The Vision Foundation Model (VFM) is a large neural network designed to extract image representations that are sufficiently diverse and expressive to be directly deployed on various In this downstream task, it reflects the role of pre-trained LLM in downstream NLP tasks. One notable example is DINO, which uses a self-supervised teacher-student training model. The learned representations achieve good results in both image classification and semantic image matching. Attention weights in DINO can also be used as segmentation masks for the semantic components of the observed scene. Subsequent works such as iBOT and DINOv2 further improved the representation by introducing a masked image modeling (MIM) loss. SAM is a transformer-based image segmentation model trained on a dataset consisting of 1.1 billion images with semantic masks and exhibits strong zero-shot transfer capabilities. DINO (Zhang et al.)—not to be confused with DINO (Caron et al.)—adopts a DETR-like architecture and hybrid query selection for object detection. The follow-up work Grounding DINO introduces text supervision to improve accuracy. Stable Diffusion is a text-to-image generator that is also used as a feature extractor for "real" images by running a single diffusion step on a clean or artificially noisy image and extracting intermediate features or attention masks. These features have recently been exploited for segmentation and image matching tasks due to the size and diversity of the training sets used for diffusion models, and due to the observed emergent properties of diffusion features, such as zero-shot correspondence between images.
As mentioned earlier, considering the diversity of 3D representations, there are multiple ways to obtain 3D features. As shown in the “3D Geometry” column in Table 1, point clouds are most common due to their simplicity and compatibility with various pre-trained 3D encoders, making them a popular choice for multi-task and multi-modal learning methods . Multi-view images are also often used because research on 2D feature extraction has matured, meaning that 3D feature extraction only requires additional 2D to 3D lifting schemes. RGB-D data easily obtained using depth cameras is often used in 3D embedded agent systems to extract viewpoint-related information for navigation and understanding. A 3D scene graph is a more abstract 3D representation that is good at modeling the existence of objects and their relationships and capturing high-level information of the scene. They are frequently used for 3D scene classification and planning tasks. NeRF is currently less used in 3D-LLM methods. We believe this is due to their implicit nature, which makes them harder to tokenize and integrate with feedforward neural networks.
LLMs trained on large amounts of data have been shown to obtain commonsense knowledge about the world. The potential of LLM's world knowledge and reasoning capabilities has been explored to enhance the understanding of 3D scenes and reformulate the pipeline for several 3D tasks. In this section, we focus on methods that aim to use LLM to improve the performance of existing methods in 3D visual language tasks. When applying LLM to 3D tasks, we can divide its use into two groups: knowledge augmentation and inference augmentation methods. Knowledge augmentation methods exploit the vast world knowledge embedded in LLM to improve 3D task performance. This can provide contextual insights, fill knowledge gaps, or enhance semantic understanding of the 3D environment. Alternatively, methods to enhance inference do not rely on their world knowledge, but leverage the ability of LLM to perform inference step by step, thus providing better generalization capabilities to more complex 3D challenges. The following two sections describe each of these methods.

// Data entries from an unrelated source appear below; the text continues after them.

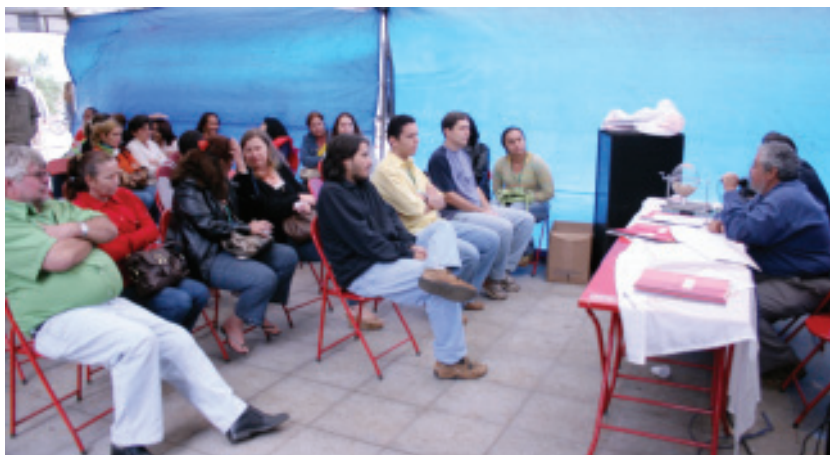
■ Palestra, jogos e atividades diversas mantêm a mobilização no Incra

Em Brasília, o comando local de greve tem promovido diversas atividades na sede do órgão, como jogos, palestras, encontro com entidades parceiras. Grupos trabalham na articulação com os parlamentares para abrir um canal de negociação com o governo. Nesta semana, chegam os representantes das superintendências regionais e será instalado o Comando Nacional de Greve.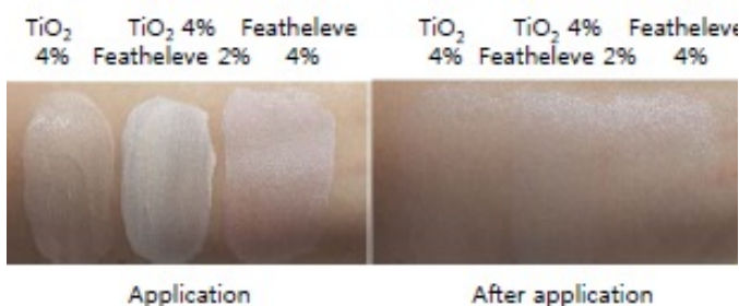
図3. BBクリームに酸化チタン、Featheleveを配合し、皮膚に塗布した様子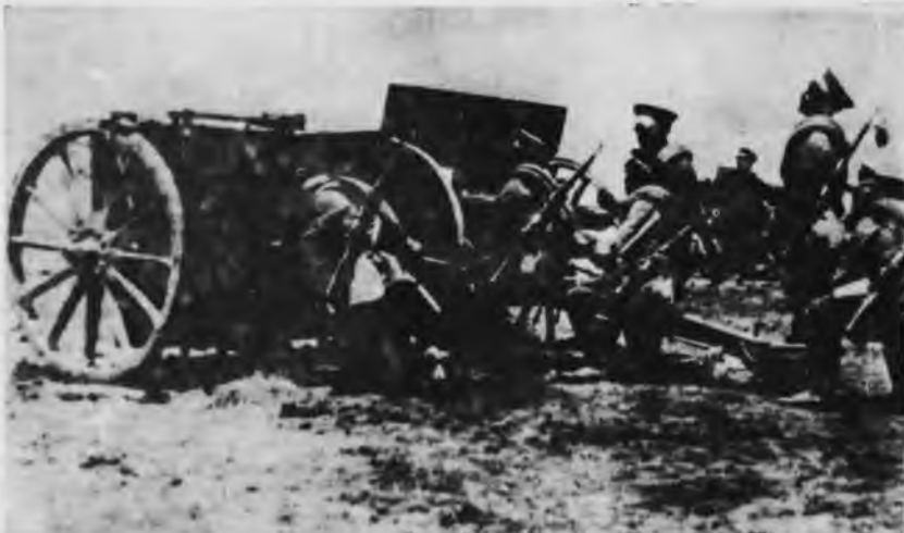
Guerra del Chaco: marcó la declinación definitiva de los regímenes oligárquicos y la aparición en la escena política del proletariado como clase dirigente.

Esta columna vertebral de su orientación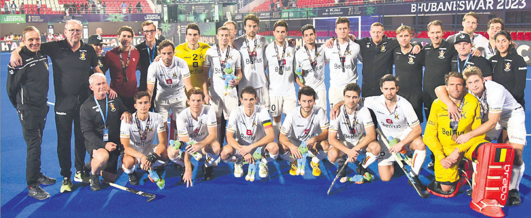
ଗୌପ୍ୟ ପଦକ ସହ ବେଲଜିୟମ ଦଳ ।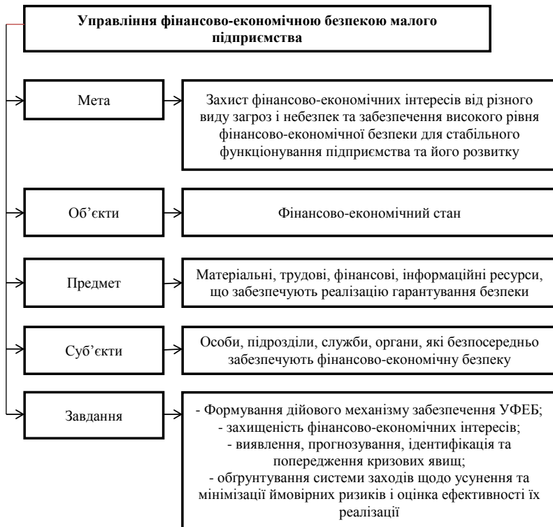
Рис. 3. Узагальнені складники управління фінансово-економічною безпекою підприємства

– управлінської – система принципів і методів розробки та реалізації управлінських рішень, пов'язаних із досягненням його фінансової стій-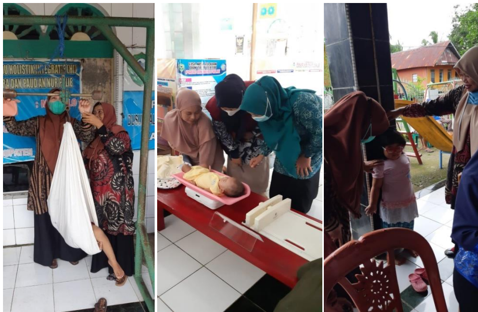
Kunjungan ke posyandu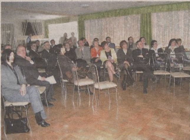
Brzeskie Targi Edukacyjne cieszą się sporym zainteresowaniem

Kilkuset gimnazjalistów z całego powiatu wzięło udział w Brzeskich Targach Edukacyjnych. Młodzi ludzie obejrzeli prezentacje przygotowane przez szkoły ponadgimnazjalne. Targi, organizowane systematycznie od kilku lat, mają pomóc młodym ludziom w podjęciu decyzji dotyczącej wyboru kolejnej szkoły. A, że nie jest to prosty wybór, świadczy zainteresowanie,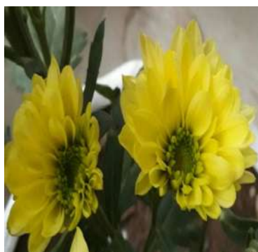
Hoa có cấu trúc thay đổi ở dòng M6 (EMS 0,3% + UV)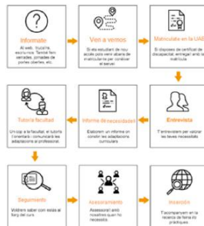
Figura 5. Proceso de vinculación y registro PIUNE.

Dicha sesión informativa se realiza dentro de las instalaciones del campus Bellaterra de la UAB, y se discuten las líneas de acción en diferentes ámbitos del PIUNE. Se pueden facilitar algunos aspectos académicos y tecnológicos, de movilidad, becas, estudiantes de soporte e inserción laboral con la ayuda del colectivo UAB-Impuls. El proceso de registro para el PIUNE es como se muestra en la siguiente ilustración.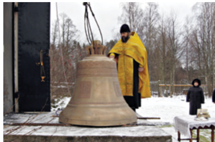
Установка большого колокола (1140 кг). Ноябрь 2007 года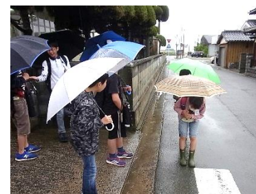
傘をさして「おはよう」の挨拶

「おはよう Tuesday」は、数年前、津中ブロックPTAとして取り組み始めた活動です。勝小では、昨年度から6年生（現中一）が積極的に取り組みはじめ、今の6年生がそれを見て受け継いでいます。この活動に関して、私は「取り組みなさい。」とは一言も言っていません。ただ、必ず私も毎日校門に立つよう心掛けています。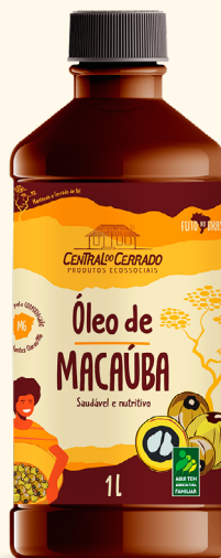
Óleo de Macaúba PET 1L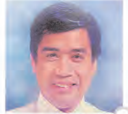
Dr. Arturo De Leon Fatma Diş Hekimliği Fakültesi Dekanı Filipinler

Dişleri doğru tekniklerle, günde en az 2 kere florür içeren bir diş macunu ile fırçalamak, bireyin aside dirençli bir tabaka oluşturmasına yardımcı olur. Dentin hassasiyeti görülen durumlarda ise hassasiyet giderici diş macunlarının kullanılması ile rahatlama sağlanabilir. Uygun rahatlama aramaları sırasında yapılan bilimsel çalışmalar dentin hassasiyetinin giderilmesinde özellikle daha doğal yolların ve doğal içeriklerin kullanılmasına yöneliktir. ( örneğin dentin tübüllerinin kalsiyum ve fosfat açısından zengin maddelerle kapatılması )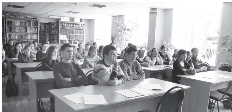
▲ Студенты во время урока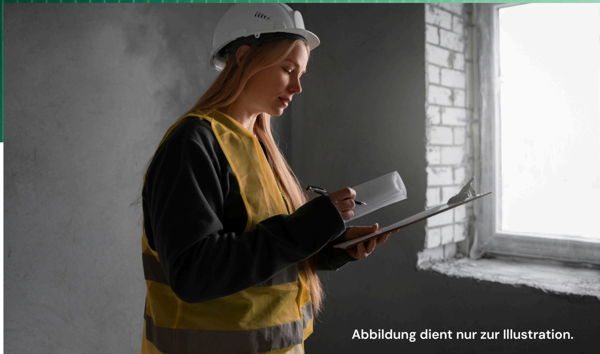
Abbildung dient nur zur Illustration.

Traditionelles Bauhandwerk mit fast 30 Jahren Erfahrung und regionaler Bekanntheit im Raum Mannheim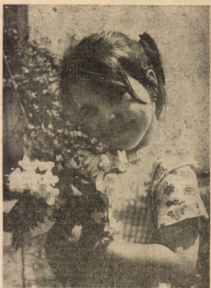
Încă nu sînt domnișoară, știu, în schimb, că sînt fetiță. Dar, de fapt, a cîta oară mi se spune... ștrengărită?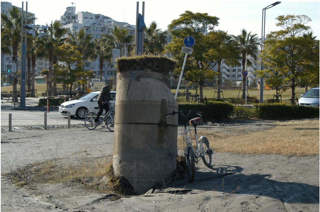
浮き上がったマンホール（千葉県浦安市明海）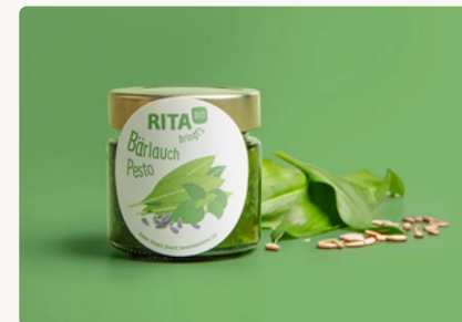
BIO Bärlauch Pesto 200 g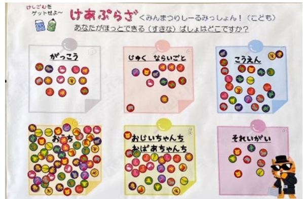
子どもを対象としたシールアンケート 「あなたがほっとできる(好きな)ばしょはどこですか?」 (区民まつりで実施)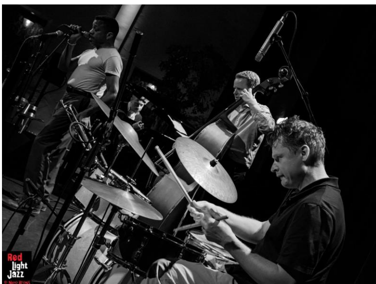
Optreden van het quartet op Red Light Jazz festival in Amsterdam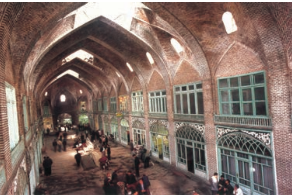
تیمچه مظفریه - تبریز

یکی از گروه‌های اجتماعی عصر قاجار، که در شهرها و روستاها زندگی می‌کردند، روحانیون بودند. آنان از دیرباز به دلیل بافت و ساختار مذهبی جامعه سنتی ایران در میان اقشار مختلف مردم نفوذ فراوانی داشتند و متکفل امور دینی بودند. روحانیون به سبب نظارت بر موقوفات و دریافت وجوهات شرعی از نظر مالی مستقل از حکومت بودند. معمولاً این قشر به دلیل عدم وابستگی به حکومت، در مقاطعی از تاریخ معاصر ایران در برابر قدرت‌های خارجی ایستادگی کردند و اقدامات شاهان و درباریان قاجار را به چالش کشیدند.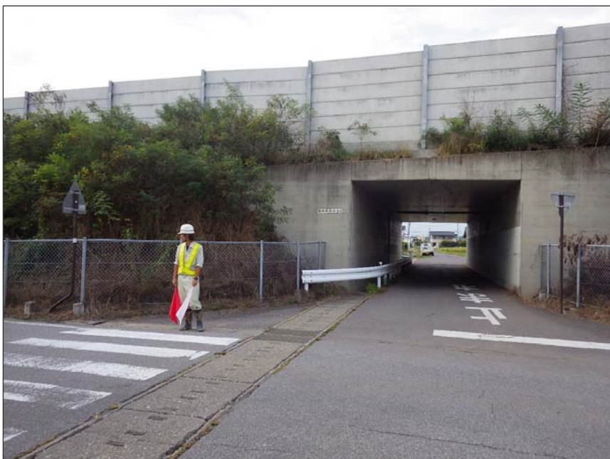
写真区分: 施工状況写真 工種: 安全費 種別: 交通誘導員 写真タイトル: 配置状況 撮影箇所: 通学路横断歩道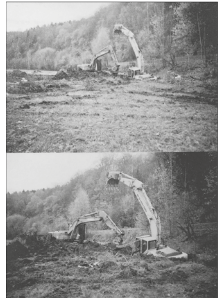
Bei Renaturierungsmaßnahmen der Walke im Oktober 2017 versank der Abrissbagger im verschütteten Betriebswassergraben und konnte nur durch Herbeiholung eines weiteren Baggers befreit werden.

Das steigende Grundwasser bei starkem Regen oder Hochwasser setzten dem alten historischen Gemäuer stark zu. Die letzten Mieter, Familie Weigelt und Chapals, hatten das Haus im Sommer 2017 frei gezogen. Der Denkmalschutz hegte schon länger kein Interesse mehr daran und somit konnte die städtische Wohnungsverwaltung- und -baugesellschaft Flöha das Gebäude für 30 000,- Euro abreißen und renaturieren. Das letzte Bergbaugebäude war somit Geschichte. Es hatte bis zum Schluß keinen Trink- und Abwasseranschluß. (5)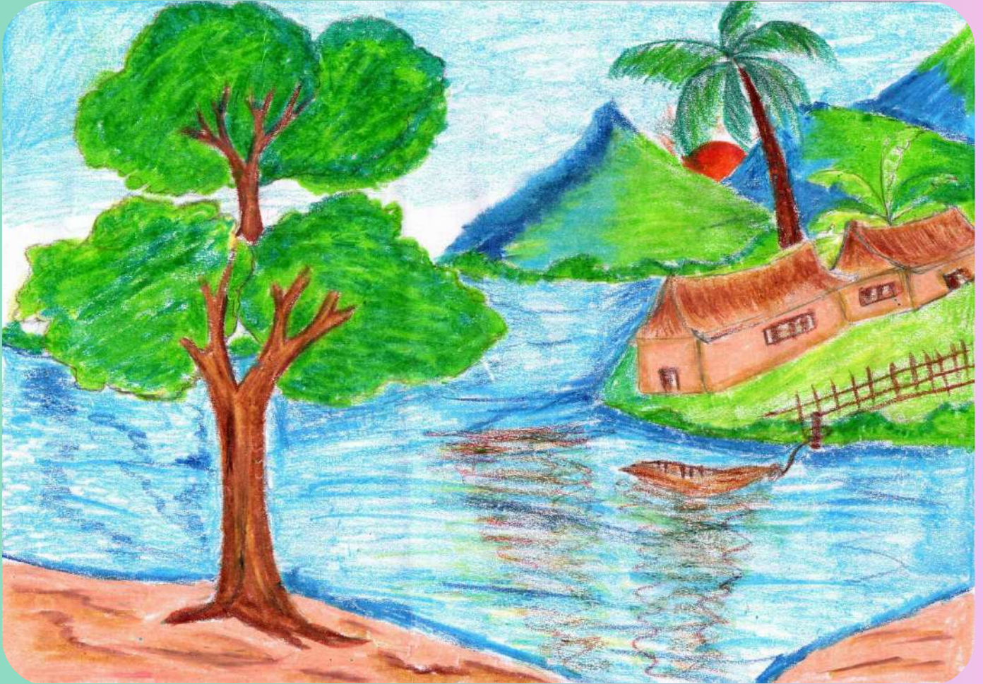
വര - ശിവലക്ഷ്മി.കെ.എസ് IX B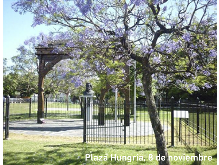
Plaza Hungría, 8 de noviembre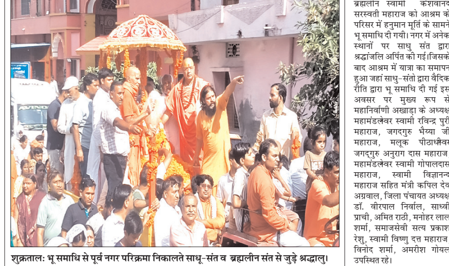
शुक्रताल: भू समाधि से पूर्व नगर परिक्रमा निकालते साधु-संत व ब्रह्मलीन संत से जुड़े श्रद्धालु।

बताया था, लेकिन यहाँ आकर पता लगा कि ऐसा कुछ नहीं है। महिला ने मारपीट और अन्य गंभीर आरोप लगाते हुए कहा कि पति ने तीन माह पूर्व मयके भेज दिया था। उस वक्त उसका जल्द घर लाने का आश्वासन दिया था, लेकिन आरोप है कि अब ससुराल के लोग उसे अपने साथ रखने से इंकार कर रहे हैं। महिला का कहना है कि वह परेशान होकर ससुराल के दरवाजे के बाहर गेट पर धरने पर बैठ गई है। महिला का कहना है कि उसको देखने के बाद ससुराल के लोगों ने गेट बंद कर लिया है। पीड़िता ने बताया कि उसने दरवाजा खुलवाने का प्रयास किया, लेकिन उसको अंदर जाने की एंट्री नहीं दी जा रही।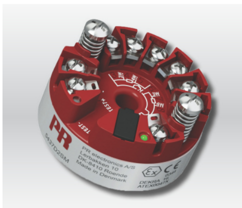
Рисунок 11 - Общий вид преобразователя измерительного серии PR модификации 5437

Пломбирование преобразователей измерительных PR не предусмотрено. Знак поверки на корпус преобразователя не наносится. Заводской номер наносится на корпус преобразователя в числовом формате. Общий вид преобразователей измерительных серии PR с указанием мест нанесения заводского номера приведен на рисунке 12.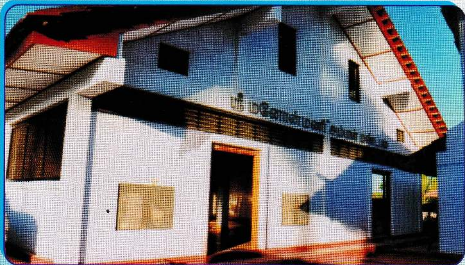
புதிய மண்டபத்தின் அடித்தளம் தோற்றம்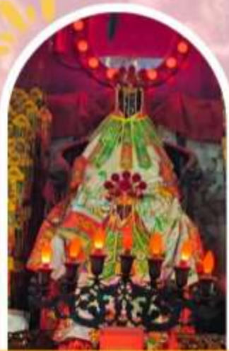
วัดเจ้าแม่กวนอิมอ่องอ่า ขอพรเรื่องเงิน ทรัพย์สิน และความมั่งคั่ง

Many works focus on using LLM’s instruction following and contextual learning capabilities to unify multiple 3D tasks into one in language space. By using different text prompts to represent different tasks, these studies aim to make LLM a unified conversational interface. Implementing multi-task learning using LLM usually involves several key steps, starting with constructing 3D text data pairs. These pairings require crafting task instructions in text form and defining the output for each different task. Next, the 3D data (usually in the form of point clouds) is fed to a 3D encoder to extract 3D features. The alignment module is then used to (i) align 3D features with text embeddings from LLM at multiple levels (object level, relationship level and scene level) and (ii) translate 3D features into LLM interpretable tokens. Finally, an appropriate training strategy needs to be selected, such as single-stage or multi-stage 3D language alignment training and multi-task instruction fine-tuning.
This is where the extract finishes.